→ Instructions to follow
Look through the material below and copy exactly the lines from the line with "FIGURE 1 Methodology" to the line with "In Step I (literature", those two lines included.

→ Records to use
↓↓↓
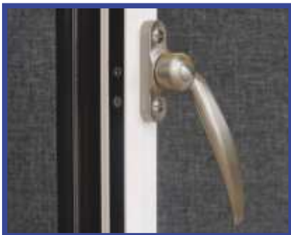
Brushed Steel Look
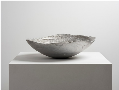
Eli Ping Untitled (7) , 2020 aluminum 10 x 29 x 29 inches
↑↑↑
↓↓↓
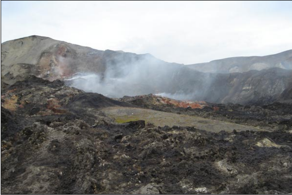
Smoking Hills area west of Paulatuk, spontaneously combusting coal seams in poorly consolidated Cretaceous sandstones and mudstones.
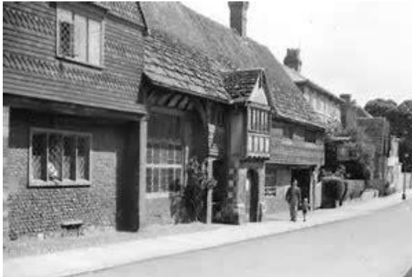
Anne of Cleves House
↑↑↑
↓↓↓
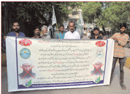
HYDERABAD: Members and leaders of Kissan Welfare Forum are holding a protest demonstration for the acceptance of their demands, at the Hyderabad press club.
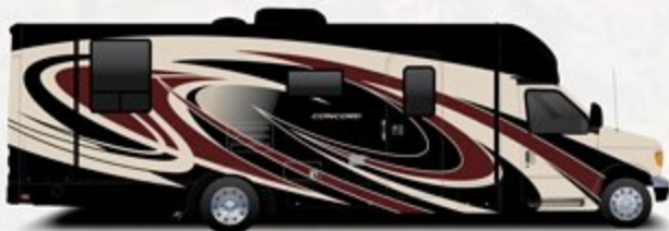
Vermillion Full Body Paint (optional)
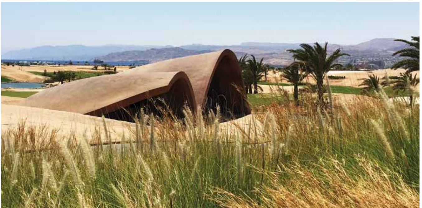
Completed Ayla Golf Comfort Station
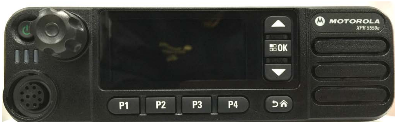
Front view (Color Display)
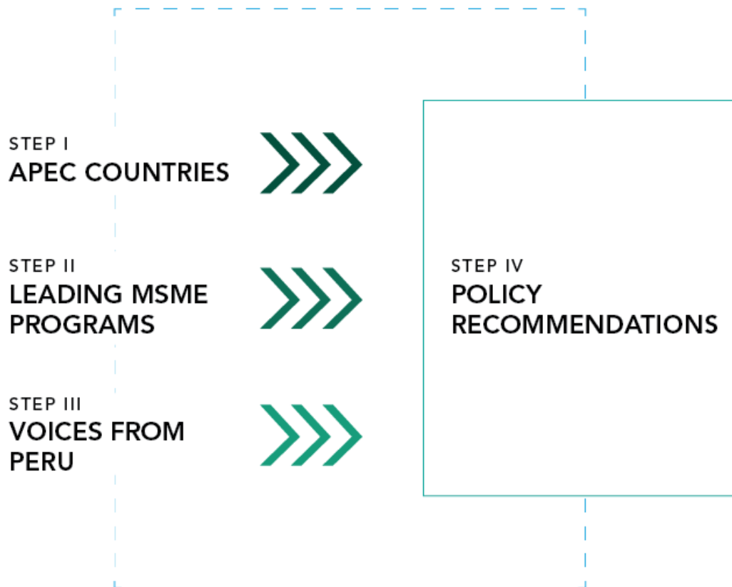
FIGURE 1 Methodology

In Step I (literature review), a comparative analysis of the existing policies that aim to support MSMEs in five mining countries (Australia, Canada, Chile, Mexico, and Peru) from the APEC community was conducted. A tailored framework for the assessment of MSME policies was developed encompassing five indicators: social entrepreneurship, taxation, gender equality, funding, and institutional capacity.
↑↑↑
→ Answer to this task
FIGURE 1 Methodology

In Step I (literature review), a comparative analysis of the existing policies that aim to support MSMEs in five mining countries (Australia, Canada, Chile, Mexico, and Peru) from the APEC community was conducted. A tailored framework for the assessment of MSME policies was developed encompassing five indicators: social entrepreneurship, taxation, gender equality, funding, and institutional capacity.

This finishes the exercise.